The output must match the entries below exactly, with pictures removed.
BEGIN
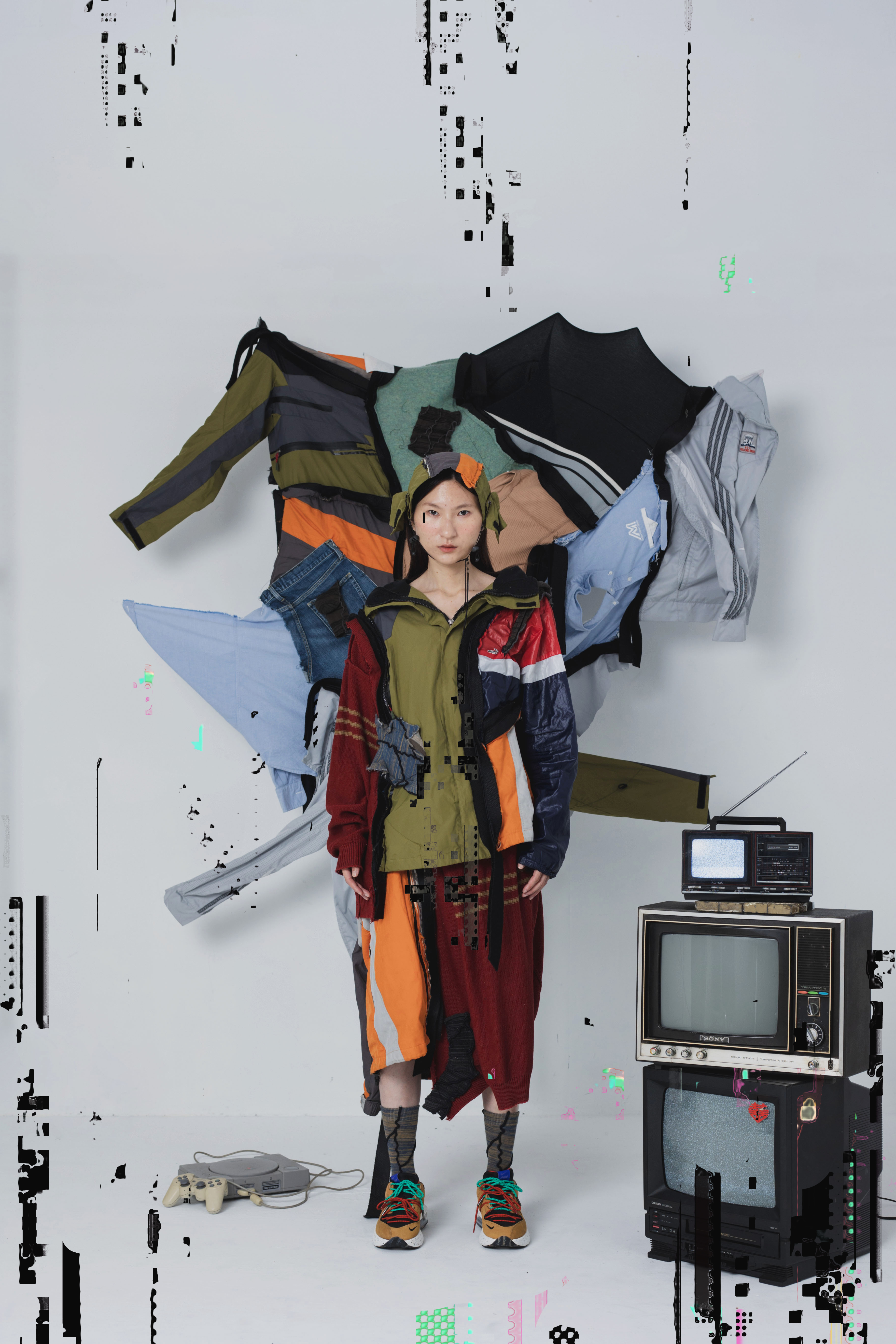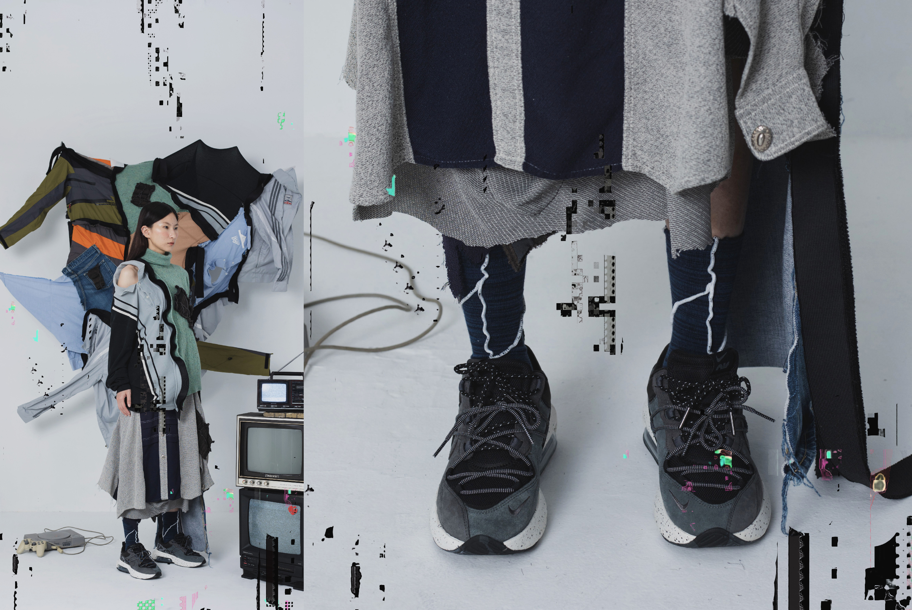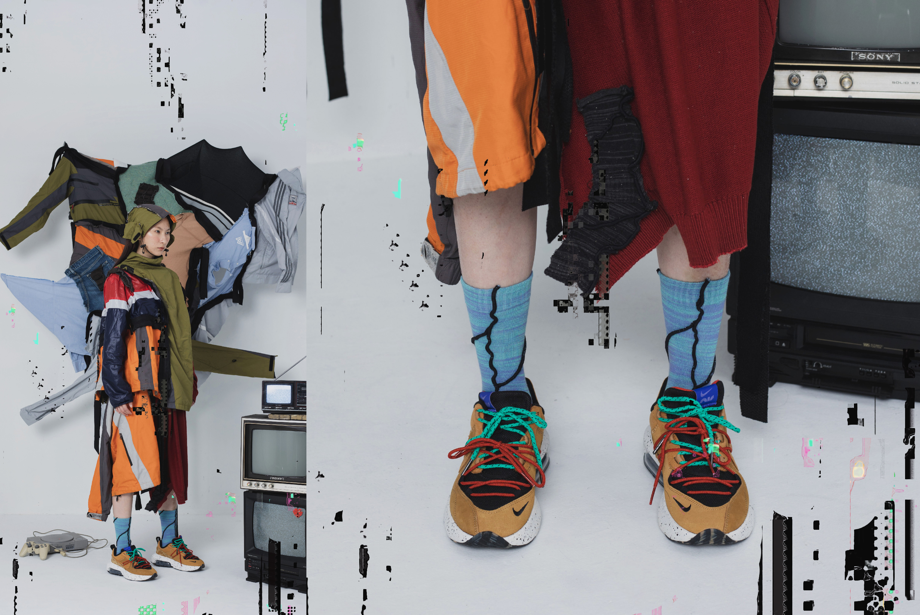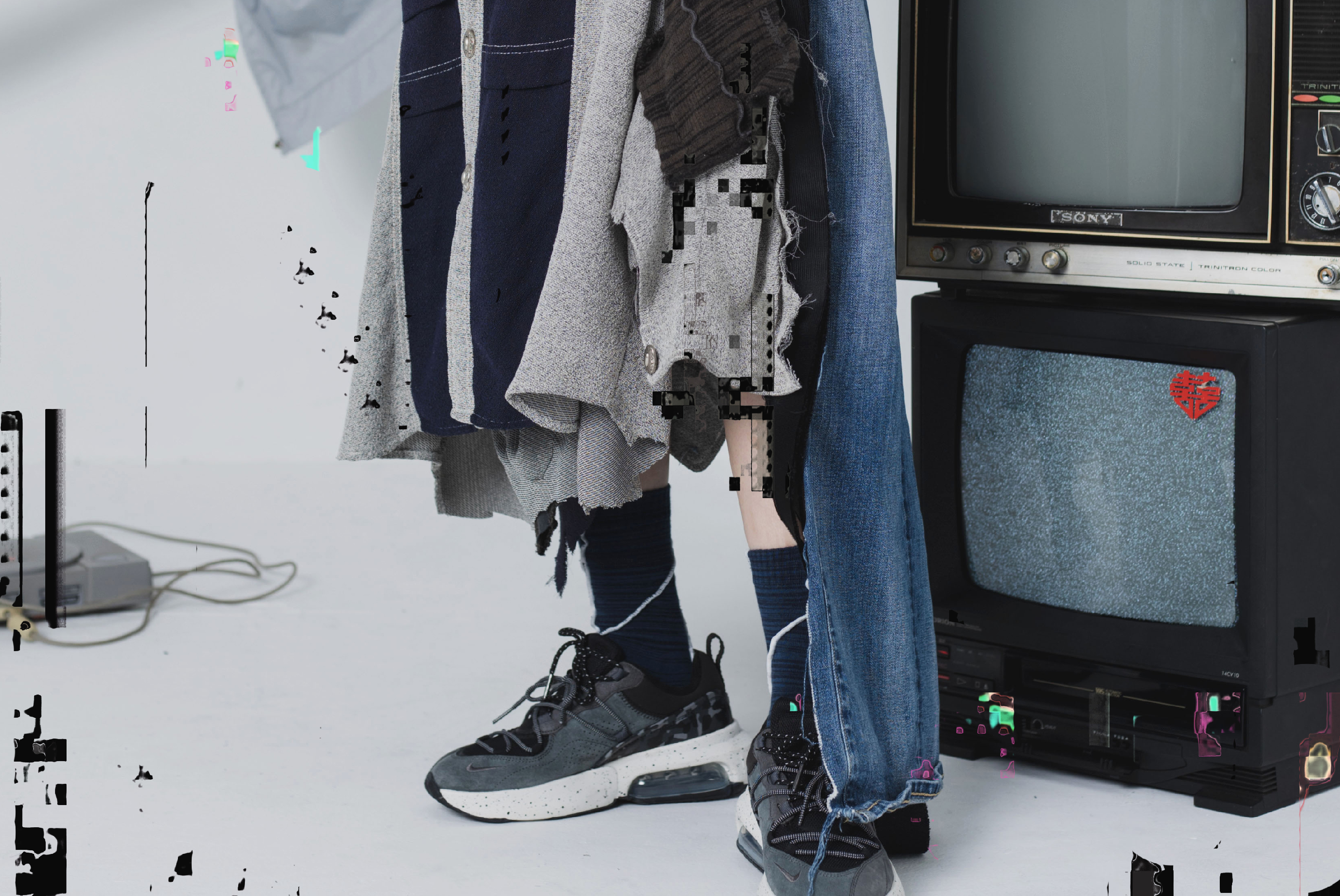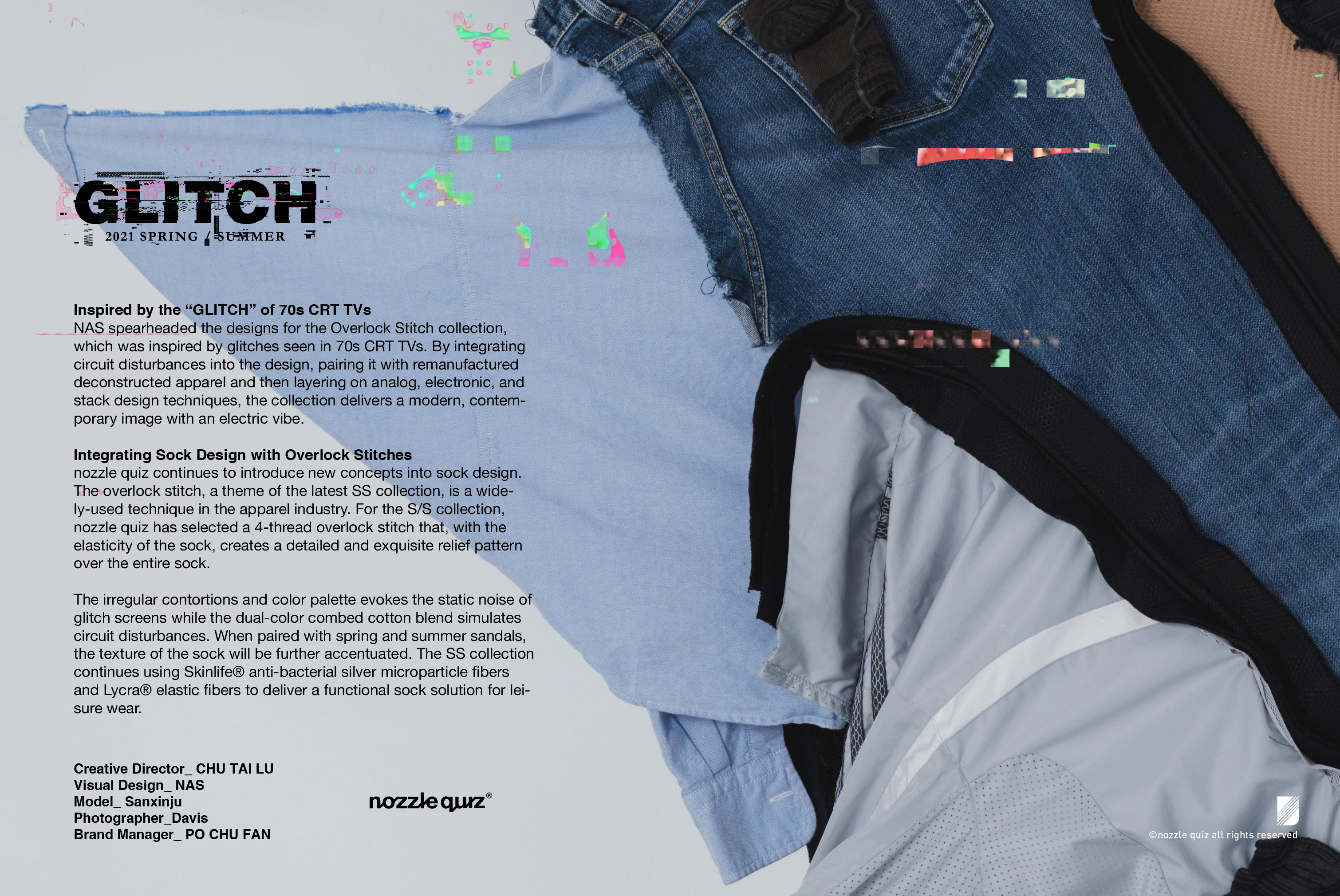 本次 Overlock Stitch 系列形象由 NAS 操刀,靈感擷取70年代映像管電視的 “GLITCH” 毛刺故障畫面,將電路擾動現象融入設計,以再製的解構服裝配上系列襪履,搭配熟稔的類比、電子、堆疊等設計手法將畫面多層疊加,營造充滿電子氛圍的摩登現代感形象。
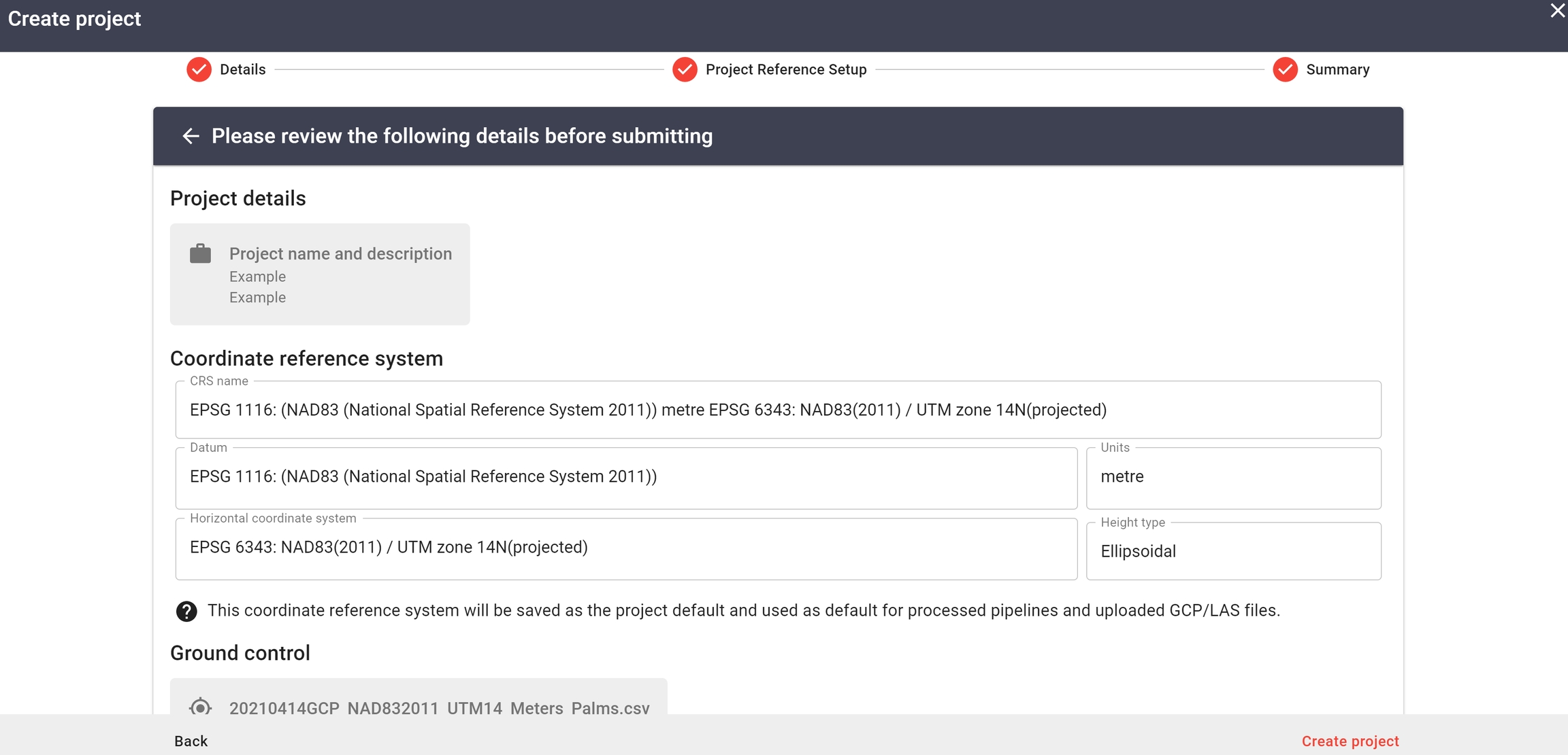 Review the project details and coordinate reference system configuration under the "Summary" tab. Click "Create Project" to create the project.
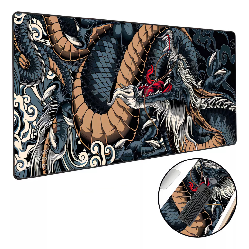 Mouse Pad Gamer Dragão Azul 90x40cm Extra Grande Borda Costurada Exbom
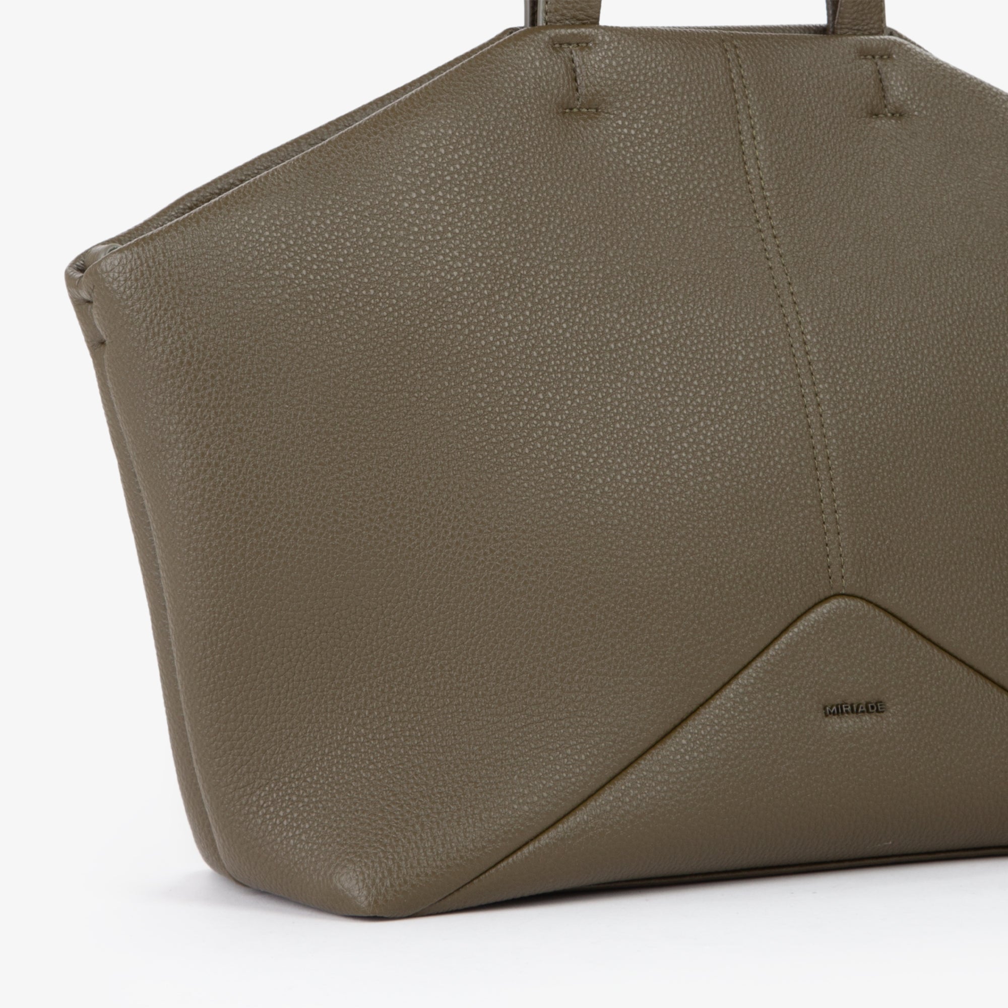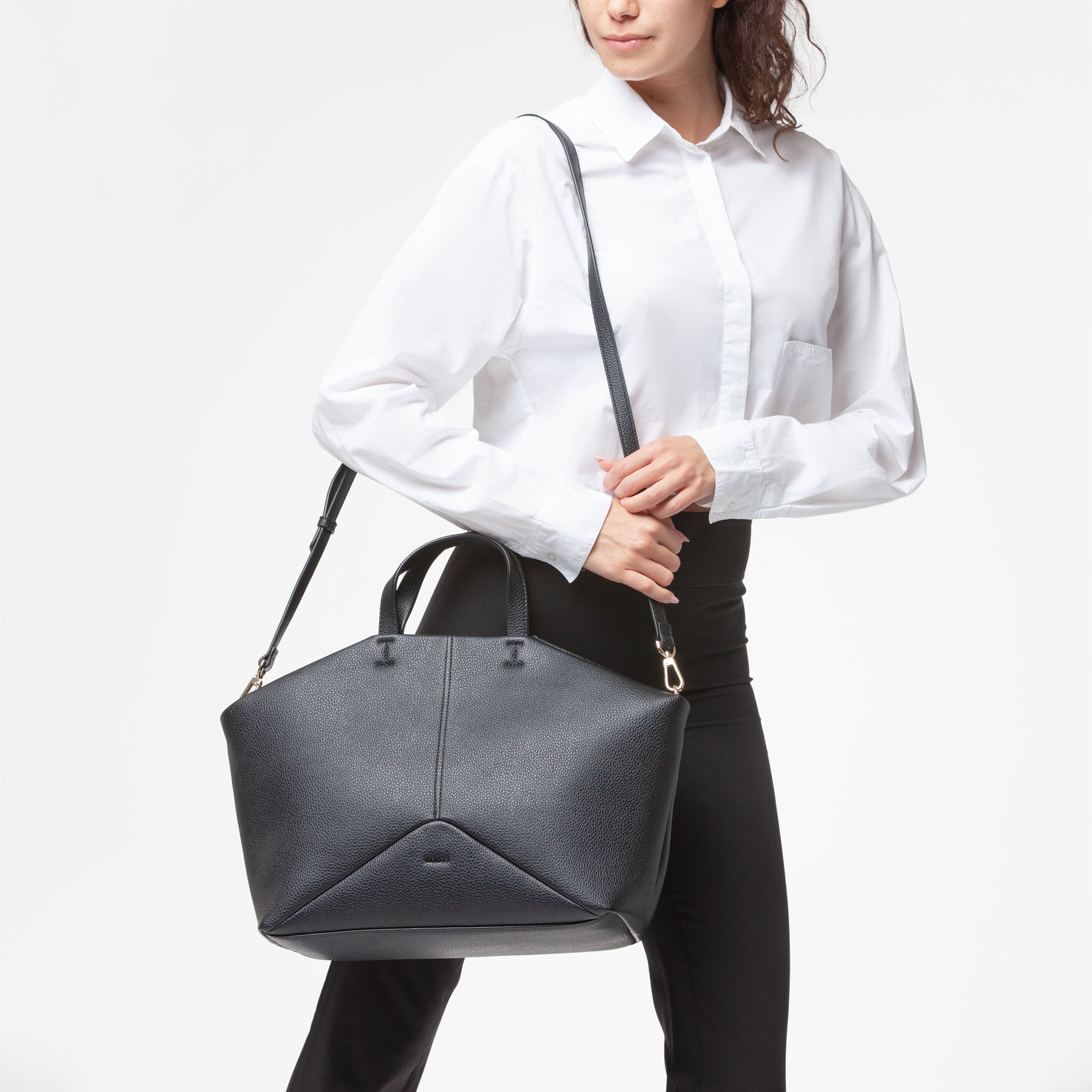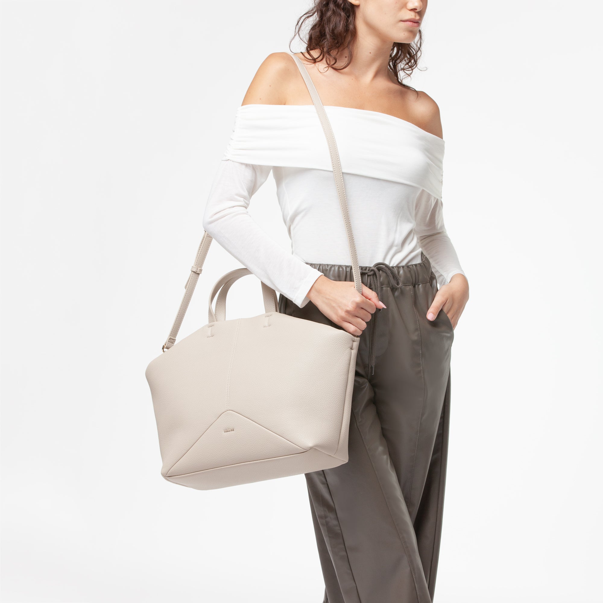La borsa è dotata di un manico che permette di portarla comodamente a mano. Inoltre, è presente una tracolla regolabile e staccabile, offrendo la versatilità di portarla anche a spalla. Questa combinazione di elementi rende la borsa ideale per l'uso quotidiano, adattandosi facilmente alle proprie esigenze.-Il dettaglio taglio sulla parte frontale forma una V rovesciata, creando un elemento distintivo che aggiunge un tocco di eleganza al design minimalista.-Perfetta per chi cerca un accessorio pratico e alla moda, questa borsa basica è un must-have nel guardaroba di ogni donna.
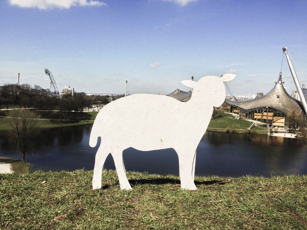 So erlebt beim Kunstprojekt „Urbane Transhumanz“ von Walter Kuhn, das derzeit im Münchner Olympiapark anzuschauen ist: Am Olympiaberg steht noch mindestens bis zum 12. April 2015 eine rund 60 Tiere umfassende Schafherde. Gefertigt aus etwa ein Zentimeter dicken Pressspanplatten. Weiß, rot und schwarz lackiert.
END
Answer for this exercise ▸
 本次 Overlock Stitch 系列形象由 NAS 操刀,靈感擷取70年代映像管電視的 “GLITCH” 毛刺故障畫面,將電路擾動現象融入設計,以再製的解構服裝配上系列襪履,搭配熟稔的類比、電子、堆疊等設計手法將畫面多層疊加,營造充滿電子氛圍的摩登現代感形象。
 Review the project details and coordinate reference system configuration under the "Summary" tab. Click "Create Project" to create the project.
 Mouse Pad Gamer Dragão Azul 90x40cm Extra Grande Borda Costurada Exbom
La borsa è dotata di un manico che permette di portarla comodamente a mano. Inoltre, è presente una tracolla regolabile e staccabile, offrendo la versatilità di portarla anche a spalla. Questa combinazione di elementi rende la borsa ideale per l'uso quotidiano, adattandosi facilmente alle proprie esigenze.-Il dettaglio taglio sulla parte frontale forma una V rovesciata, creando un elemento distintivo che aggiunge un tocco di eleganza al design minimalista.-Perfetta per chi cerca un accessorio pratico e alla moda, questa borsa basica è un must-have nel guardaroba di ogni donna.
 So erlebt beim Kunstprojekt „Urbane Transhumanz“ von Walter Kuhn, das derzeit im Münchner Olympiapark anzuschauen ist: Am Olympiaberg steht noch mindestens bis zum 12. April 2015 eine rund 60 Tiere umfassende Schafherde. Gefertigt aus etwa ein Zentimeter dicken Pressspanplatten. Weiß, rot und schwarz lackiert.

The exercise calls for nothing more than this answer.